Deryn leaned out the viewport, looking backward. There was nothing on the horizon but the silhouettes of short salt-sheered trees along the cliff tops. Then she spotted them—a trio of smoke trails against the starlight, no more than two miles away.

“Aye, all of them! Three kilometers or so behind us.” She glanced at the pressure gauge, which was only now beginning to climb again. “And a good thing too. It’ll be a few minutes before we can throw again.”

“We don’t have that much time. Give us some cover while I shake this wire off.”

As Deryn reached for the steam cannon lever, one of the war elephants fired. The shell landed short, but close, and Deryn was thrown backward from the controls. Gravel and dirt spat through the viewport, leaving a scratch on her goggles.

“If you please, Mr.

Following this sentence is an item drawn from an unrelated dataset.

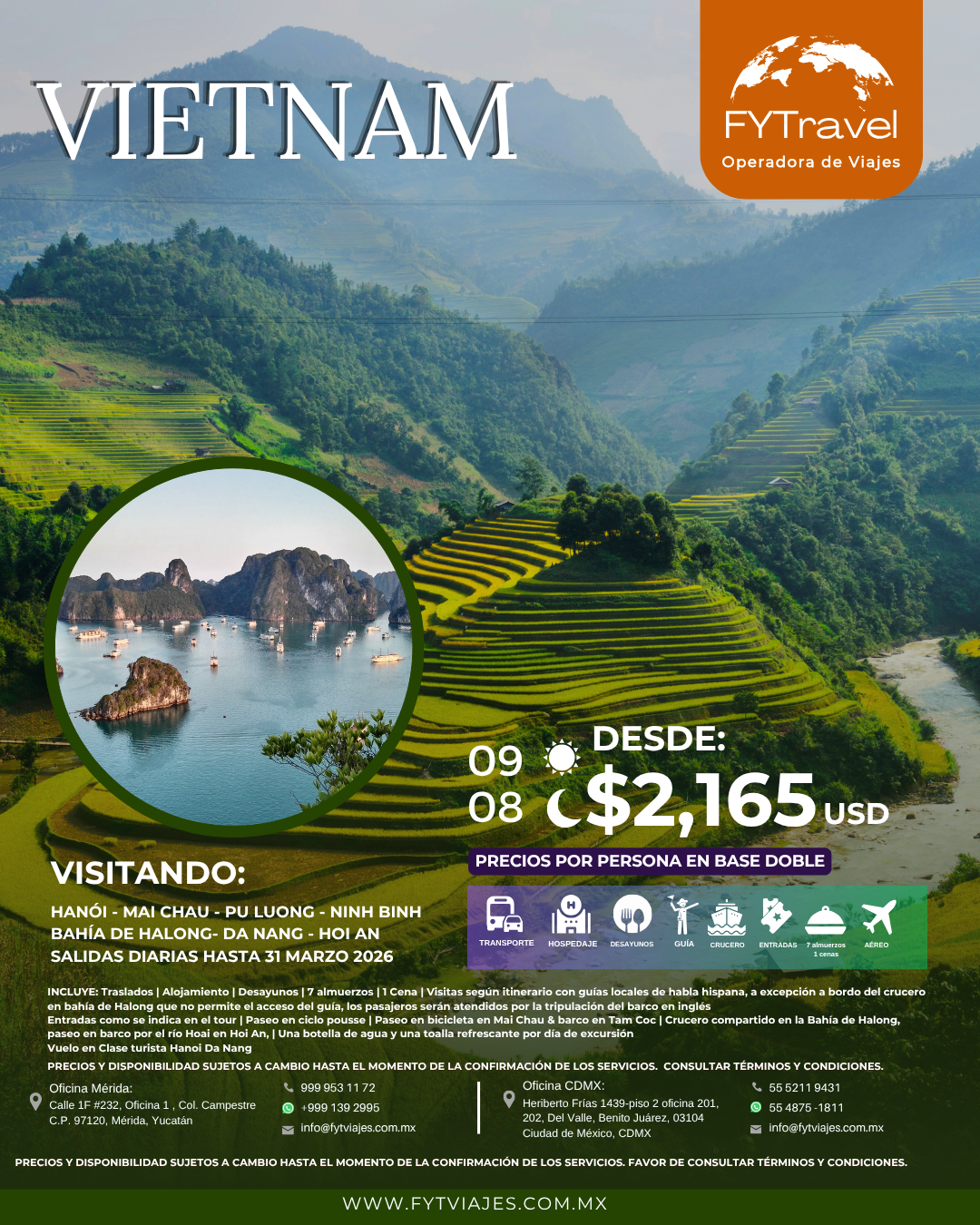Descubre lo mejor de Vietnam, comienza tu aventura en Hanói, la vibrante capital, explorando su rica historia y cultura, desde el Templo de la Literatura hasta el Lago Hoan Kiem. Luego, sumérgete en la serenidad de Mai Chau y Pu Luong, donde podrás interactuar con las tribus locales y disfrutar de paisajes impresionantes. Continúa hacia Ninh Binh, conocida como la «Bahía de Halong en tierra», y navega por sus cautivadoras grutas. Relájate en un crucero por la majestuosa Bahía de Halong antes de aterrizar en Da Nang y Hoi An, donde los farolillos iluminan la noche y las calles te transportan a otro tiempo.

Sharp?” Alek asked.


Mr.
Sharp,” Bovril repeated with a chuckle.

Deryn scrambled up from the floor to pull the lever, and hissing filled her ears. The pilot’s cabin was suddenly as hot and humid as a greenhouse.

Outside the viewport the world disappeared behind a veil of white.

Alek worked the pedals and saunters, blindly tearing at the tangle of barbed wire. More gunfire boomed beyond the steam cloud, but the answering explosions sounded in the distance.

“They’re shooting at the others,” Deryn said.

“Then now’s the time to attack! Get me some pressure in my throwing arm.”

“I’d be happy to, Your Highness.” Deryn pulled the engine stokers again. “But we’ve emptied the boilers to make this steam, and now you’re dancing about like a loon, which is taking even more power!”

“Fine, then,” Alek said, bringing the djinn into a crouched halt. As the engines idled, the ranging gauge began to climb again.

Through the whiteness came the clatter of machine guns—the Ottomans were firing into the bank of steam clouds, listening to see where their bullets hit metal.